Direct microscopy of KOH mounts requires experienced investigators and may yield 5–15% of false-negative results. Regarding PAS staining; not only the specific etiologic agent is difficult to be established but also, the fungal viability isn’t documented. Also, fungal culture is a slow procedure that requires 3-4 weeks up to 6 weeks to obtain the result and has a higher proportion of false- negatives results (30–50%). Despite all these drawbacks, identification of the causative organism by microbiological techniques is still the cornerstone for disease diagnosis.2,3

Molecular techniques centered on the polymerase chain reaction (PCR) have been introduced that provide a timely and accurate diagnosis of onychomycosis and other mycotic diseases.3 Direct diagnosis of fungal diseases in clinical samples by PCR-based methods would permit early and detailed identification of the causative agents.4

The amplification of internal transcribed spacer (ITS) regions and 28SnrDNA (D1/D2 region) followed by Sanger sequencing have been used for identification of isolated fungi in clinical specimens directly.4,5 A limited number of studies were done to compare between conventional and non-conventional methods for diagnosis of onychomycosis and identification of causative clinical isolates.

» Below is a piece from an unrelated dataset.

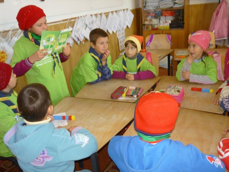 A fost popularizat proiectul prin distribuire de pliante atât elevilor cât şi preşcolarilor din şcoală noastră. Ghizii unităţii de flori „Narcisa”, lider înv. Rudei Lucia , organizaţi în patrule, au aprofundat cunoştinţele privind managementul deşeurilor completând rebusuri şi desfăşurând jocuri de rol tematice.

The current study aimed to highlight risk factors associated with onychomycosis, to identify the causative fungal pathogens and to compare the diagnostic validity of fungal fluorescent staining and ITS rDNA PCR-based sequencing with conventional methods (KOH direct microscopy, mycological culture and histopathology by PAS stain) for diagnosis of onychomycosis.

Materials and Methods

Study subjects and data collection
This cross-sectional study was carried out during the period from January 2020 to April 2021 at the Medical Microbiology and Immunology Department in collaboration with the Central Laboratory of Faculty of Medicine, Menoufia University. It involved 100 patients (15 males and 85 females with a mean age of 47.36±15.204 years) clinically- diagnosed to have onychomycosis at the Outpatient Clinic of Dermatology Department.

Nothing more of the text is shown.